TASK OBJECTIVE: In the listing that follows, find the line with "で5〜6隻ヒットも船頭はアタ", then copy exactly from it through the line with "と「ヒトへの投資」の緊密な統合を堅持し、消費押し上げと投資拡大における財政の役", leaving out every picture.

DATA LISTING:
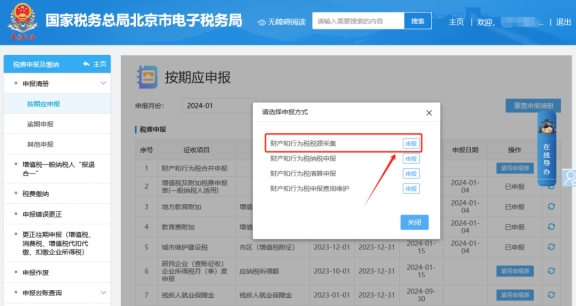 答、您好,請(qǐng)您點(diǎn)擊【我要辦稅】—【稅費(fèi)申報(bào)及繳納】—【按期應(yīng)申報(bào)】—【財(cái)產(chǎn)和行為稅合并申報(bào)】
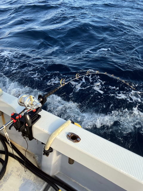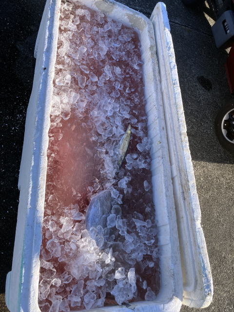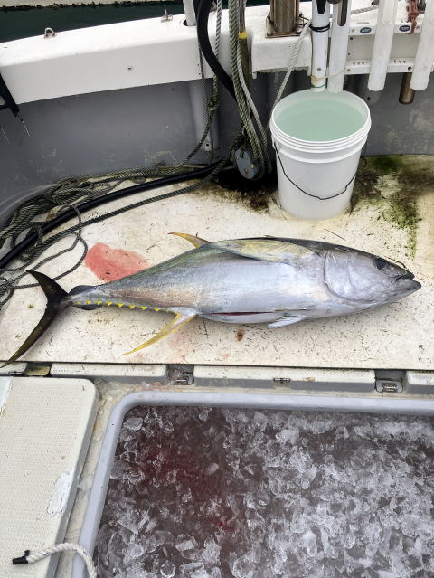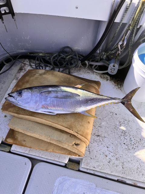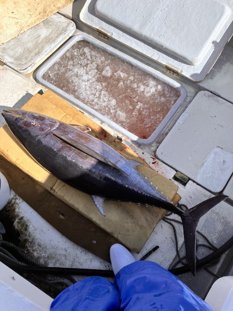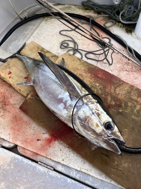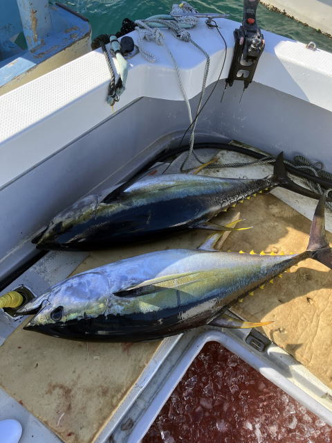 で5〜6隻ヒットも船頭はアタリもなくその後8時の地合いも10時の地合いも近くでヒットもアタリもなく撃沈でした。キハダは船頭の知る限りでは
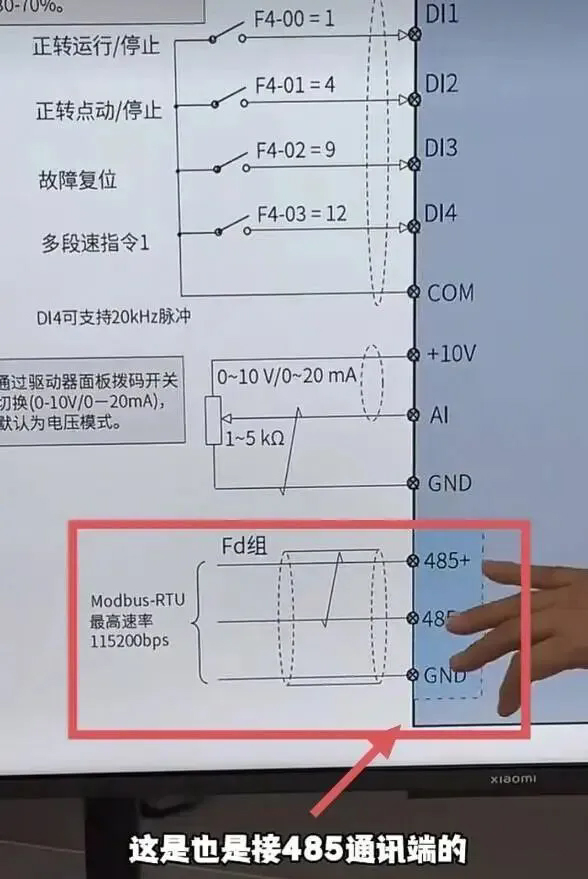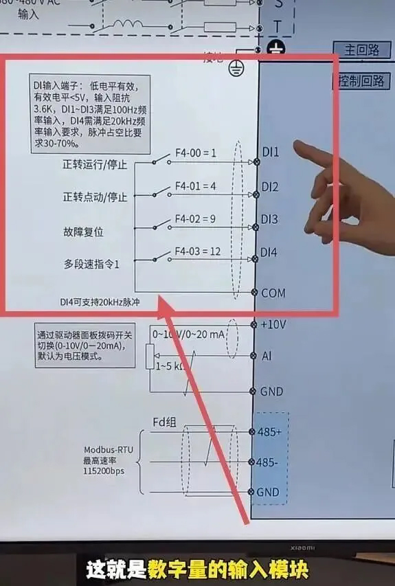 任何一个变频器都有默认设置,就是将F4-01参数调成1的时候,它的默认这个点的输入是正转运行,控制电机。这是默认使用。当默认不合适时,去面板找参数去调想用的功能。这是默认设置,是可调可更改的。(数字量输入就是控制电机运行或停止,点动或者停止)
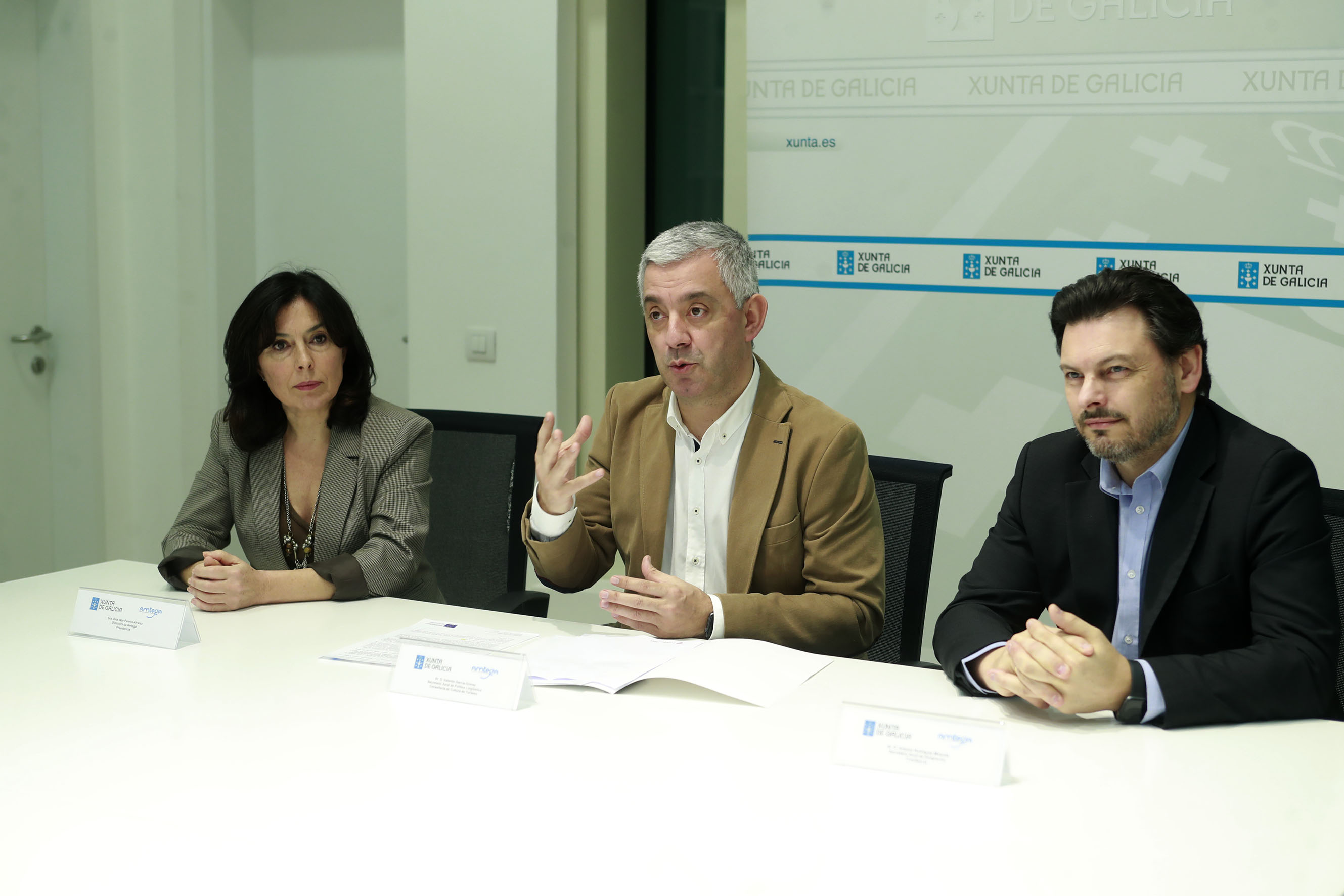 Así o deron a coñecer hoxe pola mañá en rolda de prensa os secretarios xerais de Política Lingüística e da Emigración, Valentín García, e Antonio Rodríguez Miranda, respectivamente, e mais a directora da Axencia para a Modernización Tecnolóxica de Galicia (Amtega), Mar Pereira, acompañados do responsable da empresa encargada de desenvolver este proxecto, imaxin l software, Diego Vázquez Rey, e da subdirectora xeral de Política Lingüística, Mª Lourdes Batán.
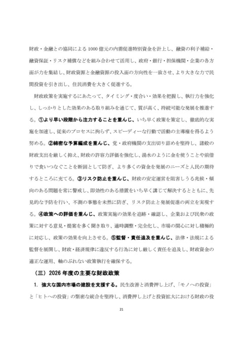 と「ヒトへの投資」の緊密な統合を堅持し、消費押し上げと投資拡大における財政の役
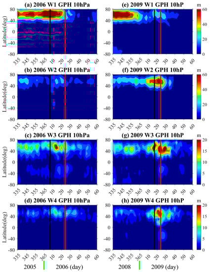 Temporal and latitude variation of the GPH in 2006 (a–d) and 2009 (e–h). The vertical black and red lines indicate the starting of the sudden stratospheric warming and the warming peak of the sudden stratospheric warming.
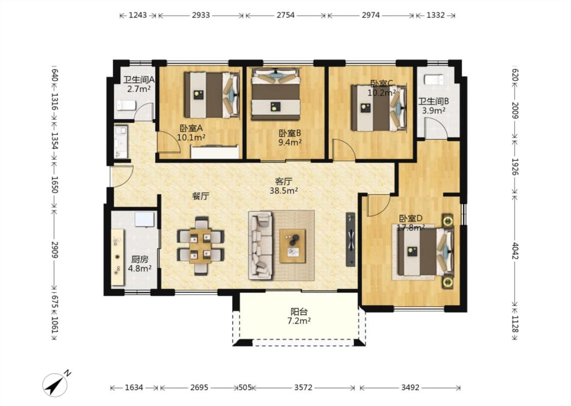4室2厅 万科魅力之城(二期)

RESULT:
 で5〜6隻ヒットも船頭はアタリもなくその後8時の地合いも10時の地合いも近くでヒットもアタリもなく撃沈でした。キハダは船頭の知る限りでは
 任何一个变频器都有默认设置,就是将F4-01参数调成1的时候,它的默认这个点的输入是正转运行,控制电机。这是默认使用。当默认不合适时,去面板找参数去调想用的功能。这是默认设置,是可调可更改的。(数字量输入就是控制电机运行或停止,点动或者停止)
 Así o deron a coñecer hoxe pola mañá en rolda de prensa os secretarios xerais de Política Lingüística e da Emigración, Valentín García, e Antonio Rodríguez Miranda, respectivamente, e mais a directora da Axencia para a Modernización Tecnolóxica de Galicia (Amtega), Mar Pereira, acompañados do responsable da empresa encargada de desenvolver este proxecto, imaxin l software, Diego Vázquez Rey, e da subdirectora xeral de Política Lingüística, Mª Lourdes Batán.
 と「ヒトへの投資」の緊密な統合を堅持し、消費押し上げと投資拡大における財政の役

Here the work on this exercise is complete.